Eu traço muitos paralelos com essas três cidades. Todas elas são muito cosmopolitas e diversas. Eu também gosto da energia dessas cidades, onde tudo é possível. Muitos conceitos novos nascem e tomam forma nelas e os chefs não têm medo de experimentar. Sempre há algo novo para ver / experimentar quando você está em Nova York, Londres ou Hong Kong. E de um ponto de vista muito egoísta (risos), adoro o fato de que a disponibilidade do produto não é um problema em nenhuma delas! 

Você diz que comida é uma experiência no coração. Qual é a ligação entre comida e bem-estar mental?

Chefs felizes criam refeições felizes. É importante criar um bom ambiente de trabalho na cozinha. Cozinhar pode ser um trabalho muito estressante. Mas também é uma profissão muito gratificante. É importante lembrar às pessoas que escolheram essa carreira que fizeram a escolha certa, criando uma atmosfera alegre e viva.

Infelizmente, as cozinhas estão cheias de histórias em que a pressão tira o melhor de chefs e cozinheiros. Os líderes precisam enfrentar esse problema e trazer mudanças, nutrindo talentos, ambições e garantindo algum nível de equilíbrio entre vida profissional e pessoal.

Fazer comida é como criar uma pintura ou tocar música. Você não esperaria música melodiosa de um pianista estressado.
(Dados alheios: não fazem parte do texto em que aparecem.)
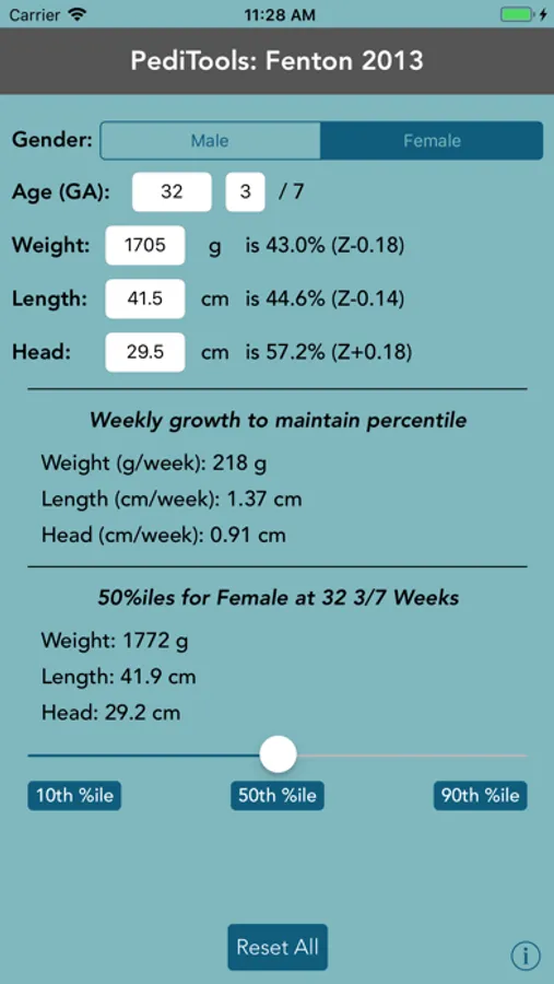 Developed for pediatric clinical providers, this app uses the 2013 Fenton growth charts for premature infants between 22 4/7 and 50 0/7 weeks gestation to report percentiles and Z-scores for weight, length, and head circumference.

Qual é o seu próximo desafio?

Estou escrevendo meu primeiro livro de receitas. Fique ligado em @ashferbiju no instagram e twitter.

Por Márcia Miranda
https://www.linkedin.com/in/m%C3%A1rcia-miranda-60327637/

Related links: https://abcnews.go.com/Business/video/meet-friends-face-face-chef-social-club-24604096

English

Chef Ashfer Biju does not remember the first time he was in a kitchen. But he still remembers the taste of the crabs despised by the fishermen, which he collected and grilled, seasoned with sea salt and lemon, to be enjoyed together with his cousins, in his childhood. Today, executive chef at The Pierre, a sophisticated hotel owned by the Indian Taj chain in New York, he is a true culinary artisan. To the point of being praised by critic John Mariani, of Forbes Magazine, who considers him one of the responsible for the rise of the hotel’s restaurant, opened in 1930, on Fifth Avenue, in front of Central Park. Mariani defined Ashfer Biju’s food as “very balanced, very colorful, composed with joy”.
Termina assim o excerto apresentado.